Ген ZBTB16 имеет белок-кодирующие и некодирующие транскрипты, таким образом, мы получаем
идентификатор белка для кодирующих и NA для некодирующих транскриптов.Обратите также внимание на то, что
у нас есть транскрипт, нацеленный на нонсенс-опосредованный распад мРНК с идентификатором белка
связанный с ним, но без Uniprot ID.

  ## Подмножество транскриптов с tx_biotype, отличным от белкового_кодирования.
txs[txs$tx_biotype != "protein_coding", c("uniprot_id", "tx_biotype",
                      "protein_id")]  

  ## Объект GRange с 5 диапазонами и 3 столбцами метаданных:
## seqnames диапазоны цепочек | uniprot_id
##    | <персонаж>
## ENST00000541602 11 114059725-114189764 + | <нет данных>
## ENST00000539918 11 114064412-114247344 + | H0YGW2
## ENST00000545851 11 114180766-114247296 + | <нет данных>
## ENST00000535379 11 114237207-114250557 + | <нет данных>
## ENST00000535509 11 114246790-114250476 + | <нет данных>
## tx_biotype protein_id
## <символ> <символ>
## ENST00000541602retented_intron 
## ENST00000539918 ерунда_опосредованная_де.. ЭНСП00000445047
## ENST00000545851processed_transcript 
## ENST00000535379processed_transcript 
## ENST00000535509retented_intron 
## -------
## seqinfo: 1 последовательность из генома GRCh48  

При сопоставлении транскрипта, кодирующего белок, с идентификатором белка Ensembl
(столбец протеин_ид ) составляет 1:1, отображение между протеин_ид и унипрот_ид может быть
н:м, т.е.каждый идентификатор белка Ensembl может быть сопоставлен с 1 или несколькими идентификаторами Uniprot и
каждый идентификатор Uniprot может быть сопоставлен с более чем одним белковым_идентификатором (и, следовательно,
tx_id ). Это следует иметь в виду, если вы запрашиваете стенограммы из базы данных.
получение дополнительных столбцов, связанных с Uniprot, или даже функций идентификатора белка, как в
в таких случаях возвращается избыточный список расшифровок.

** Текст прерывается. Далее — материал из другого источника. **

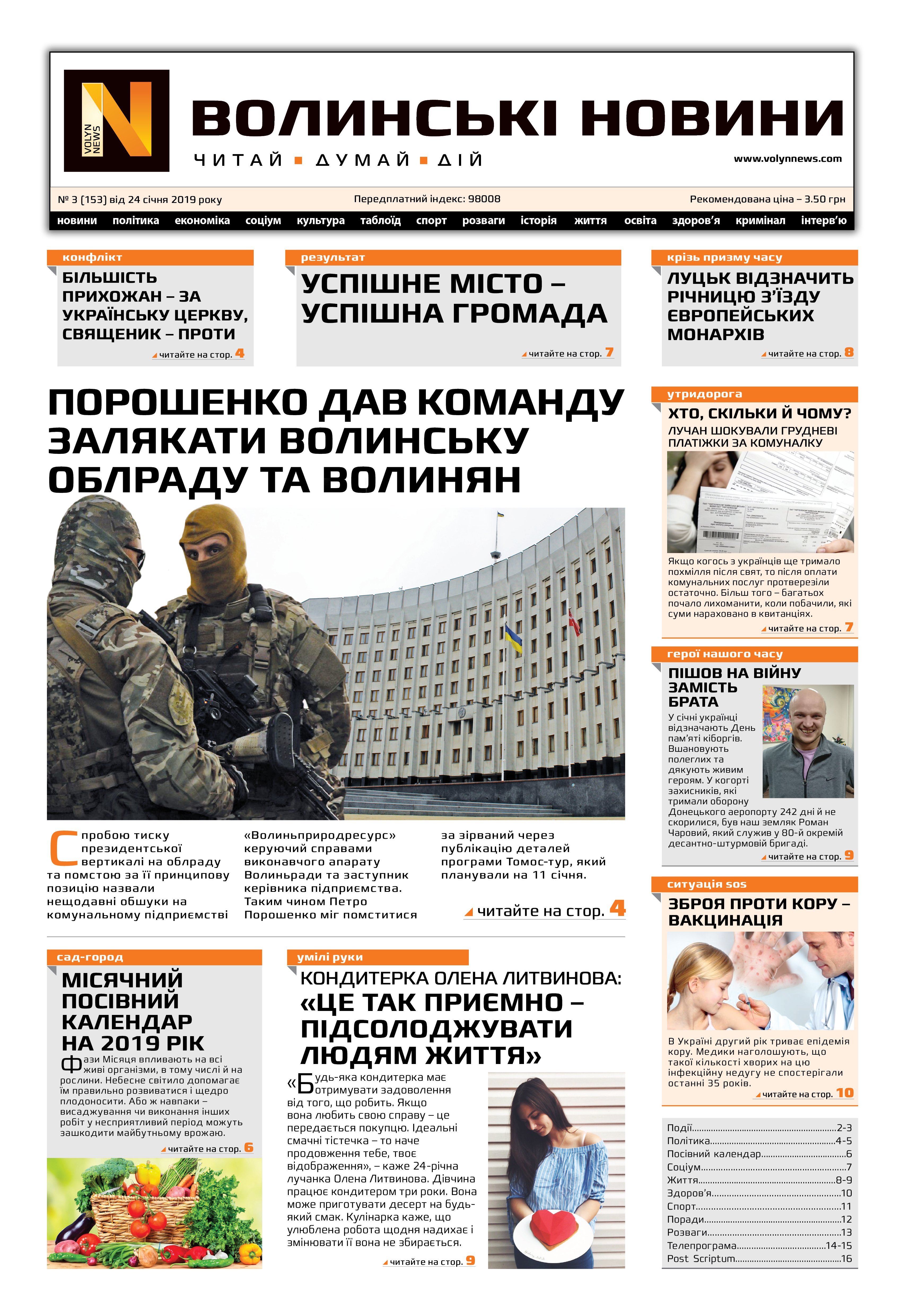 ВОЛИНСЬКІ НОВИНИ №03 (153) ВІД 24.01.2019

  ## Список идентификаторов белков и идентификаторов uniprot для кодирующих транскриптов
mcols(txs[txs$tx_biotype == "protein_coding",
      c("tx_id", "protein_id", "uniprot_id")])  

  ## DataFrame с 6 строками и 3 столбцами
## tx_id белковый_ид uniprot_id
## <символ> <символ> <символ>
## ENST00000335953 ENST00000335953 ENSP00000338157 Q05516
## ENST00000335953 ENST00000335953 ENSP00000338157 A0A024R3C6
## ENST00000544220 ENST00000544220 ENSP00000437716 F5H6C3
## ENST00000535700 ENST00000535700 ENSP00000443013 F5H5Y7
## ENST00000392996 ENST00000392996 ENSP00000376721 Q05516
## ENST00000392996 ENST00000392996 ENSP00000376721 A0A024R3C6  

Некоторые сопоставления n:m для идентификаторов Uniprot могут быть разрешены путем ограничения либо
к записям из одной базы данных Uniprot ( SPTREMBL или SWISSPROT ) или к сопоставлениям
определенный тип картографического метода.Соответствующие фильтры
UniprotDbFilter и UniprotMappingTypeFilter (с использованием uniprot_db и
uniprot_mapping_type столбцов таблицы базы данных uniprot ). В примере
ниже мы ограничиваем результат идентификаторами Uniprot с типом отображения DIRECT .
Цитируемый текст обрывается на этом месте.